THE IMMUNOMODULATOR TACROLIMUS HAS SHOWN success in the treatment of psoriasis. The newer immunomodulator pimecrolimus may also be a useful treatment for psoriasis. This study investigates the efficacy and safety of oral pimecrolimus in the treatment of psoriasis.

This was a phase I/II randomized double-blind, placebo-controlled, multiple rising dose proof of concept study. Psoriasis patients were treated with either oral pimecrolimus or placebo. A steady state of pimecrolimus was reached after 5-10 d. There was clear clinical efficacy in patients receiving 20 mg pimecrolimus twice daily and 30 mg twice daily with a reduction of Psoriasis Area and Severity Index by 60% and 75%, respectively. Histopathologically and immunopathologically there was a reversion of the psoriatic phenotype towards normal. There were no notable clinical, laboratory, kidney function, or immunologic side effects.
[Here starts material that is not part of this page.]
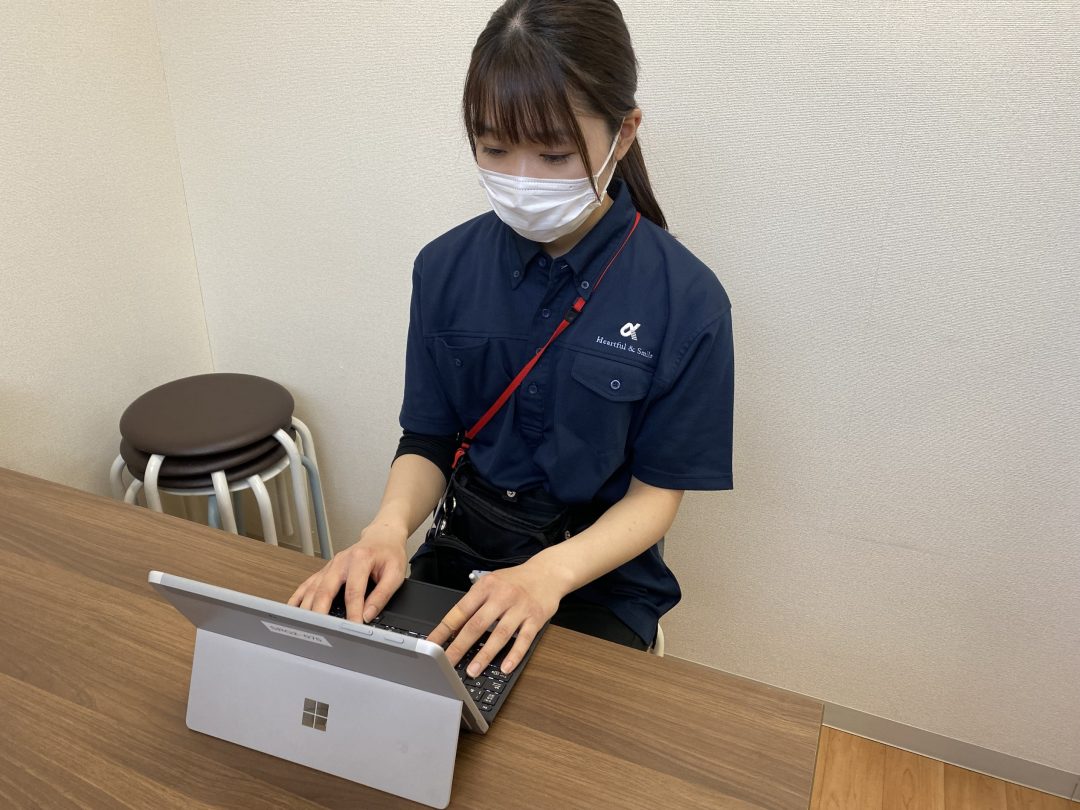 入社した当初は、覚えないといけないことがたくさんあって、頭がパンパンになるのですが、3か月間ずっと先輩スタッフに同行してもらえるので、その間に何とか慣れることができ、4か月目からは自信をもって仕事できました。

Pimecrolimus may be a useful treatment for psoriasis with minimal side effects. Further studies are need to evaluate the efficacy and long-term safety of this treatment.

Rappersberger K, Komar M, Ebelin ME, Scott G, Burtin P, Greig G, Kehren J, Chibout SD, Cordier A, Holter W, Richter L, Oberbauer R, Stuetz A, Wolff K. Pimecrolimus identifies a common genomic anti-inflammatory profile, is clinically highly effective in psoriasis and is well tolerated. J Invest Dermatol 2002 Oct; 119(4):876-87.